Statins and Coronary Plaque Calcification: Changes in Coronary Atheroma Volume and Calcium Indices According to Therapy
(A) Percent atheroma volume (PAV) adjusted model, depicting corresponding changes in PAV and calcium index (CaI). (B) Total atheroma volume (TAV) adjusted model depicting corresponding changes in TAV and CaI. Changes in PAV and TAV (blue boxes) are reported as least squares mean ± standard error of the mean, whereas the changes in CaI (salmon boxes) are reported as median (interquartile range). CI = confidence interval; HIST = high-intensity statin therapy; LIST = low-intensity statin therapy.
Baseline TAV was similar across all treatment groups, with no significant between-group differences. At follow-up, both the HIST and LIST groups demonstrated significant TAV regression from baseline (−6.6 ± 0.6 mm and −2.1 ± 0.6 mm; p < 0.001 from baseline, respectively), whereas the no-statin group demonstrated significant TAV progression (+3.0 ± 0.7 mm; p < 0.001). Differences in the magnitude of TAV regression were significant for pairwise comparisons among the HIST versus LIST (p < 0.001), HIST versus no-statin (p < 0.001), and LIST versus no-statin (p = 0.006) groups (Figure 1B).

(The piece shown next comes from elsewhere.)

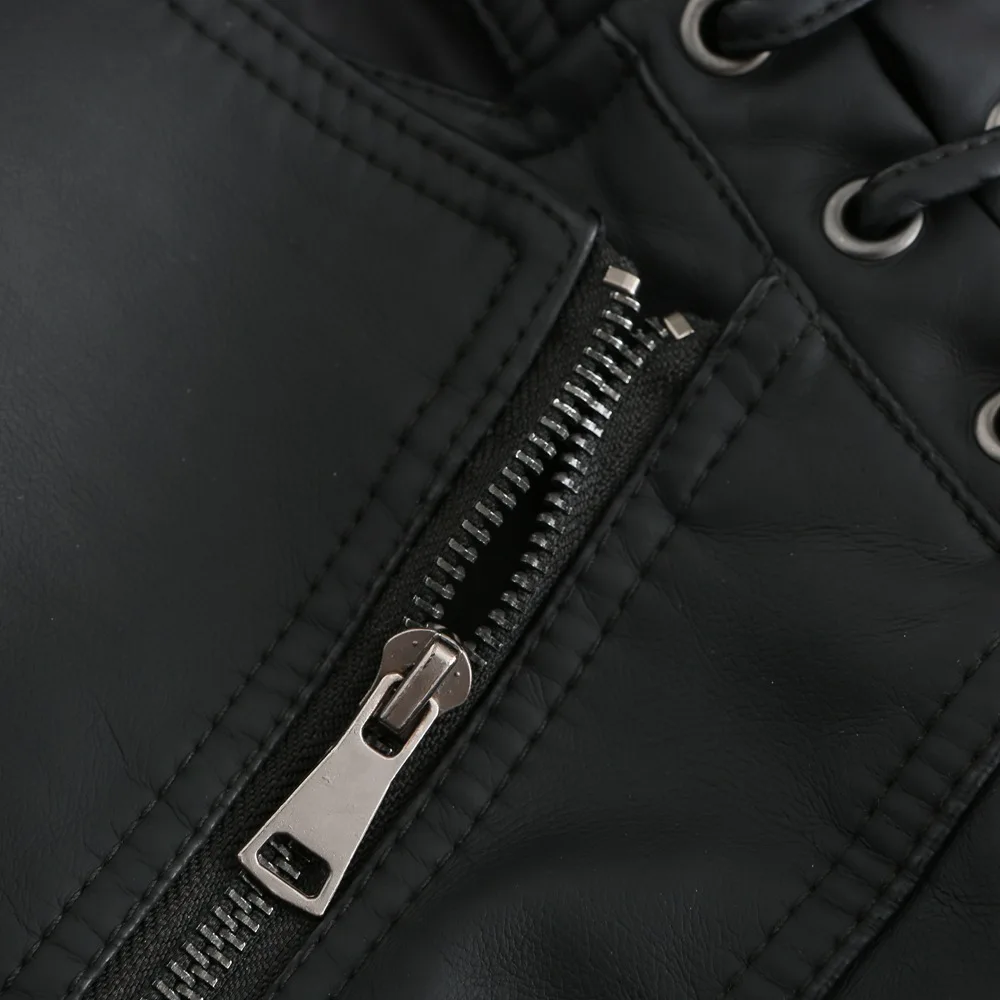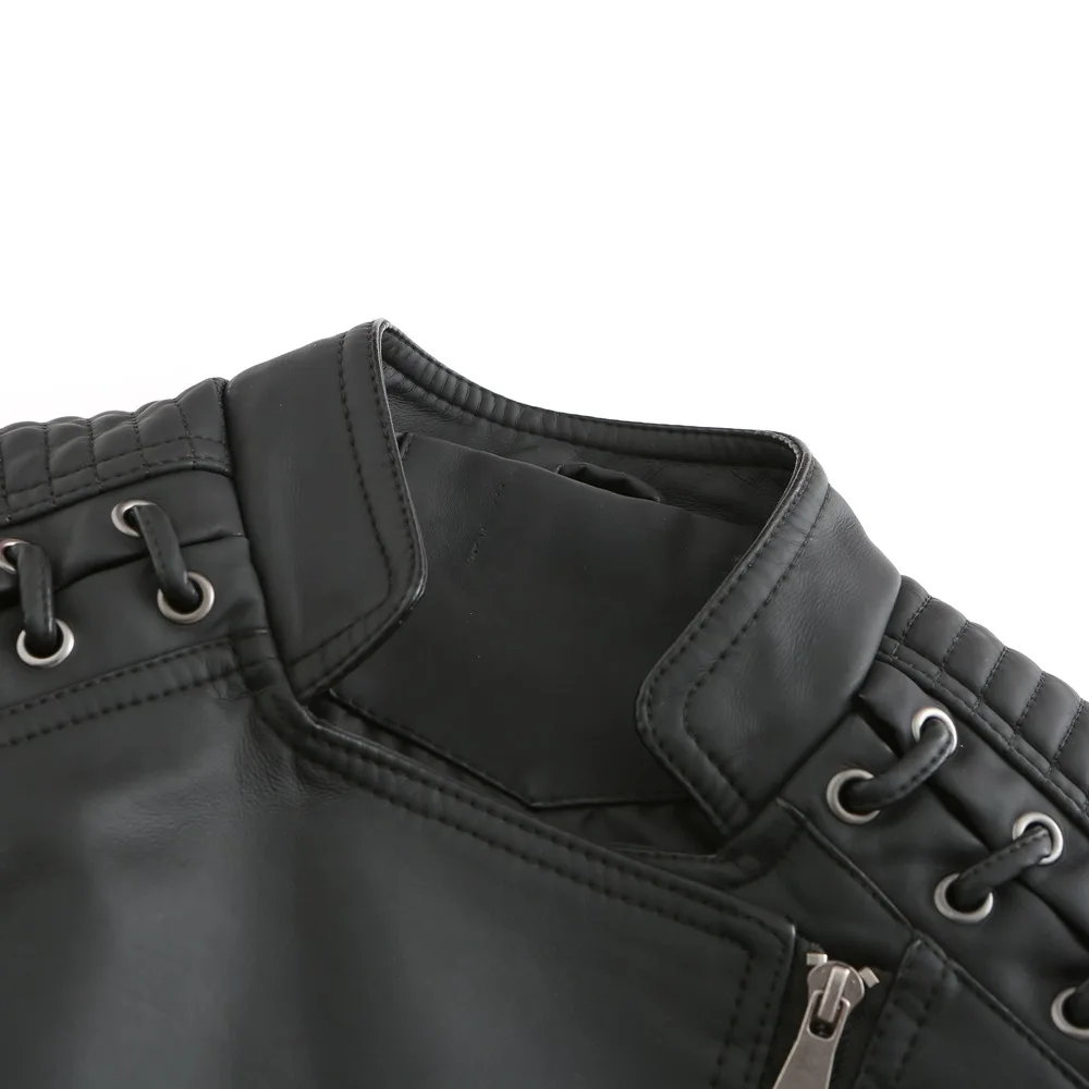 Available in classic black, this motorcycle jacket combines functionality with a sleek, form-fitting design, making it an essential piece for any fashion-forward motorcyclist. The robust zipper closure provides secure and adjustable fitting while enhancing the jacket's edgy look.

Baseline and Changes in CaI According to Therapy
Table 4 describes baseline and changes in CaI between treatment groups, pairwise comparisons for changes in CaI following propensity-weighting and further adjustment for clinical trial, and baseline measures of plaque burden and calcium. When adjusting for PAV in the statistical model, no significant differences in pairwise comparisons were noted for baseline CaI. However, the TAV-adjusted model yielded significantly greater baseline CaI for the LIST versus no-statin (p = 0.002) and HIST versus no-statin (p = 0.001) pairwise comparisons.
All treatment groups demonstrated significant progression of coronary calcium from baseline, measured as a change in CaI (HIST, +0.044 [0.0 to 0.12]; LIST, +0.038 [0.0 to 0.11]; no-statin, +0.02 [0.0 to 0.10]; p < 0.001 for all treatment groups). In a PAVadjusted model, pairwise comparisons demonstrated that the change in CaI was significantly greater in the LIST versus no-statin groups (p = 0.03) and the HIST versus no-statin groups (p = 0.007), but not for the HIST versus LIST comparison (p =0.18) (Figure 1A). In a TAV-adjusted model, similar results were found, with pairwise comparisons demonstrating the change in CaI to be significantly greater in the LIST versus no-statin groups (p = 0.01) and the HIST versus no-statin groups (p = 0.004), but not for the HIST versus LIST comparison (p = 0.35) (Figure 1B).
Changes in Coronary Atheroma Volume and CaI According to Plaque Progression/Regression
Table 5 describes changes in plaque volume and CaI stratified according to whether patients exhibited plaque progression (defined as change in PAV or TAV >0) or nonprogression/regression (change in PAV or TAV ≤0). Those with plaque progression demonstrated an overall +2.7 ± 0.05% and +7.5 ± 0.5 mm change in PAV and TAV, respectively, whereas nonprogressors/regressors demonstrated an overall −2.2 ± 0.06% and −13.1 ± 0.5 mm change in PAV and TAV, respectively. Changes in CaI were significantly greater in those with plaque progression compared with those with nonprogression/regression irrespective of whether adjusted for by changes in PAV (0.045 [0.00 to 0.12] vs. 0.034 [0.00 to 0.11]; p = 0.002) or changes in TAV (0.045 [0.00 to 0.12] vs. 0.034 [0.00 to 0.11]; p < 0.001).
Relationships Between Changes in CaI and On-treatment Lipoproteins and CRP
Table 6 describes correlations between changes in CaI and average on-treatment lipoprotein and CRP levels among patients receiving HIST and no-statin therapy. No significant correlations were found between HISTmediated changes in lipoprotein or CRP levels and changes in CaI. Similarly, no significant associations were found between changes in lipoprotein and CRP levels and changes in CaI in those patients receiving no-statin therapy.